SAN FRANCISCO -- Full grown, the light brown apple moth is about half the size of a quarter: a little dirt-colored insect with an adult life span shorter than the average summer vacation.
But, oh, what an eater. As a caterpillar, the moth feeds on flowers, fruits and firs, a menu that can include corn and tomatoes for dinner, and cherries, peaches and plums for dessert. So omnivorous is the moth that some entomologists call it the "light brown everything moth."
It is exactly that appetite that has state and federal officials in California worried. A native of Australia, the moth had not been seen in the continental United States before February, when a retired entomologist discovered one in a trap behind his house in Berkeley, just across the bay from here and within fluttering distance of one of the nation's most important agricultural regions.
The moth has since been found in nine California counties, including Napa, where the discovery of a single specimen set off alarm bells for winemakers and farmers.
"It is a significant pest of wine grapes, and because that's what we grow, that's what caught our attention," said Greg Clark, assistant agricultural commissioner in Napa County. "And if we have an infestation here, it's likely it could move into other agricultural regions."
Over the years, California has faced a number of threats to its agriculture. Perhaps the most famous invasive pest was the Mediterranean fruit fly, or medfly, which prompted a statewide panic - and aerial spraying - in the early 1980s, when it appeared to be threatening the state's billion-dollar citrus industry.
No one is predicting that kind of response this time. Then again, no one is taking the chance. "People want to see this pest dealt with quickly and decisively," Clark said. "Because there's always another pest over the horizon."
Spraying began recently in Oakley, a Bay Area suburb where masked workers went bush to bush with organic pesticides, with further treatments planned for today in Napa, thought to be the northernmost border of the moth invasion.
The problem seems even more serious to the south in Santa Cruz County, where nearly 3,500 moths have been discovered and where farmers and agricultural officials have set thousands of traps in wholesale nurseries to try to safeguard the county's $73 million industry in shrubs, trees and other ornamental flora. Statewide, agricultural officials say California could lose more than $100 million because of increased production control and pest control.
Chief among growers' concerns is the possibility that foreign markets will begin to reject California crops. To that end, the federal Department of Agriculture and the California Department of Food and Agriculture have declared quarantines for the affected counties, barring the transportation of crops or plants around the state without inspections.
Like many states, California is dealing with a variety of other invasive pests and diseases, each with a more evocative name than the last, like the glassy winged sharpshooter (which can be devastating to citrus groves and vineyards) and the red imported fire ant, a nasty little insect whose bites can result in pain and welts.
Officials say they do not know how the moth got here, but that it may have come via a host plant brought by a homesick emigre. "California is a popular place, and people come and bring their favorite plant along," said A.G. Kawamura, California's secretary of agriculture. The moth infestation has also renewed cries from officials like Kawamura who believe that agricultural border inspections should be returned to the province of federal agricultural officials. The job is performed by the Department of Homeland Security, which some critics say does not have the expertise to spot incoming pests like the moth. Sen. Dianne Feinstein, a California Democrat, recently introduced a bill in Congress to move inspections back to the Department of Agriculture.

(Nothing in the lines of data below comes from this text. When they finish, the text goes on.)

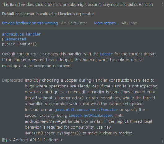 기존에 작성되어있는 소스 코드를 분석하다가 생성자에 아무것도 넣어주지 않았던 Handler에 줄이 쳐져있었고, 확인해보니 해당 Handler가 Deprecated 된 것을 알았습니다.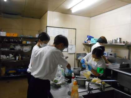 料理に使う材料を仕分けしていました。しっかりと分量を量り、こぼさないように慎重にやっていました。次にやるべきことをスタッフさんに相談しながら活動していました。生徒たちは普段やらない作業も楽しいと言って笑顔で仕事をしています。みんな上手にできていて感心ですという言葉をいただきました。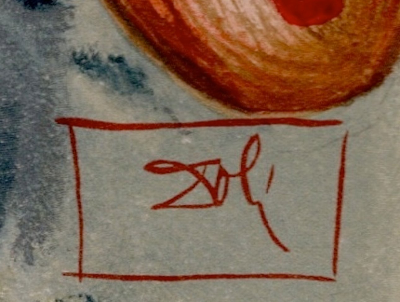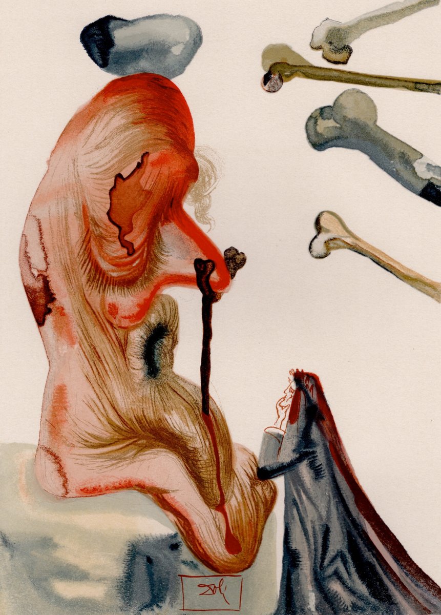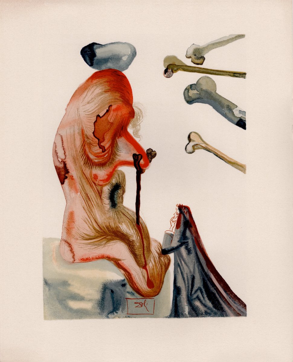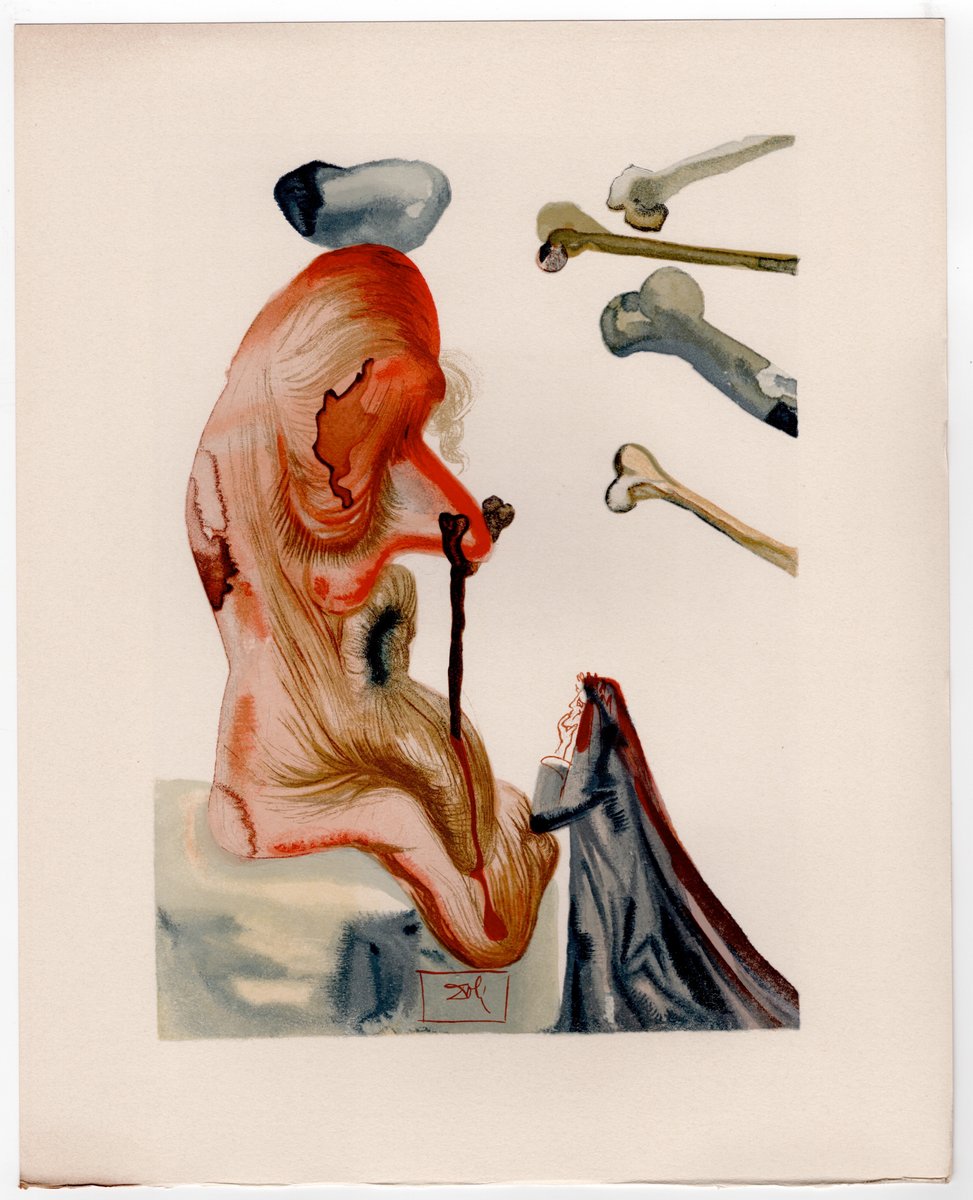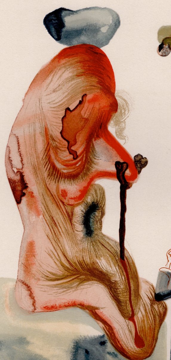 According to critics, Dalí illustrates Dante's journey through Hell, Purgatory, and Paradise by reinterpreting Dante's journey from a psychoanalytic perspective, placing a particularly significant character or event from the canto at the center of each panel. The representation is dreamlike and irreverent: Hell, Purgatory, and Paradise emerge suspended between dream and reality, in a single masterpiece, in which the elegance of the line is combined with a masterful use of color. The figuration is ironic, grotesque, and imaginative in the depictions of Hell and Purgatory, while the representations of Beatrice are delicate and celestial, as if the artist were on an imaginary journey within himself. The journey into Dante's afterlife is thus interpreted in a metaphysical and psychological key, masterfully blending the deepest meaning of the Divine Comedy with the artistic flair of Salvador Dalí, who maintains Dante's dreamy atmosphere while adding his unmistakable surrealist touch with the famous flaccid figures, crutches, rhinoceros horns, and flying bones.

Russ Knocke, a homeland security spokesman, disputes the notion that the federal agriculture agency would do a better job. "If someone in this department said everything is working properly and everything is perfect, that person should be removed," Knocke said. "But for someone to express that rearranging the deck chairs - again - is going to be the solution, I'm going to flatly reject it."

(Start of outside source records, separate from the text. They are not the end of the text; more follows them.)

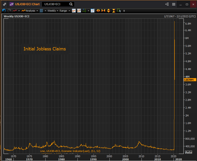 There are three overriding questions for the equity, currency and credit markets. How deep will the second quarter contraction be? How much of it has been priced into the markets already by the shock of the initial claims numbers? Finally, and most important will the attempted reopening of economic life in Florida, Georgia, Colorado and elsewhere succeed? If it does then other states, even New York and California will be forced to follow and the possibility of a rapid recovery improves measurably.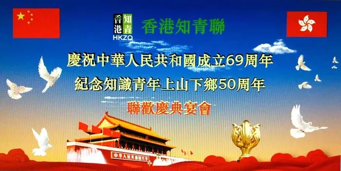 10月6日,香港知青联为庆祝中华人民共和国成立69周年、纪念知识青年上山下乡50周年联欢庆典宴会在港粤华酒店举行。香港知青联会长韩阳光,常务副会长杨安坪、张瑞境、李秉涌等共同出席并主持了联欢会。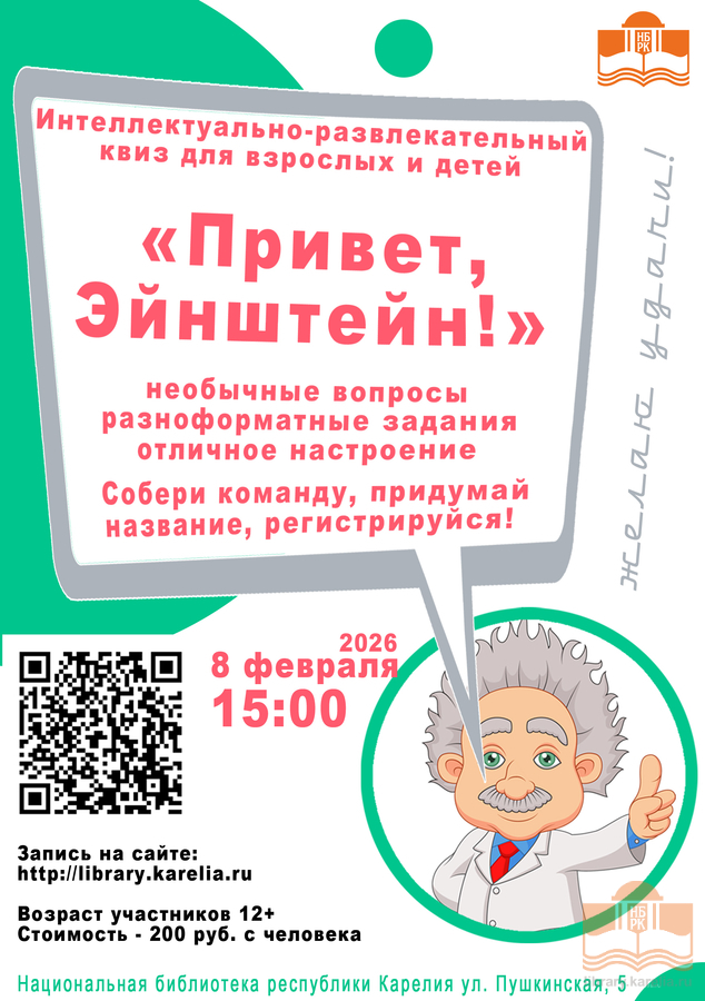 8 февраля в 15:00 Национальная библиотека Карелии приглашает всех желающих на «интеллектуальную битву». Семейный интеллектуальный квиз «Привет, Эйнштейн», давно пользуется популярностью у читателей Национальной библиотеки.Первая игра прошла в 2019 году. В квизе могут принять участие все желающие. Участники в игровом формате будут сражаться за звание самой эрудированной команды, ответив на вопросы из разных областей знаний, в том числе, по краеведению. Участие в квизе – это возможность не только проверить свою эрудицию, но и отлично провести время, пережить живые и яркие эмоции в интеллектуальной борьбе и поймать отличное настроение.

Regardless of its method of entry or which agency ultimately takes the lead, getting rid of the moth is going to be a challenge. James R. Carey, a professor of entomology at the University of California, Davis, said that eradication efforts were often fruitless, particularly when large numbers of insects had been found.
"These pests can be there at subdetection levels for years, if not decades," said Carey, who worked on the medfly infestation. "They operate - cancer is a good analogy - they operate in little pockets and then boom, the conditions come together, both climatic and microevolution, and then they appear."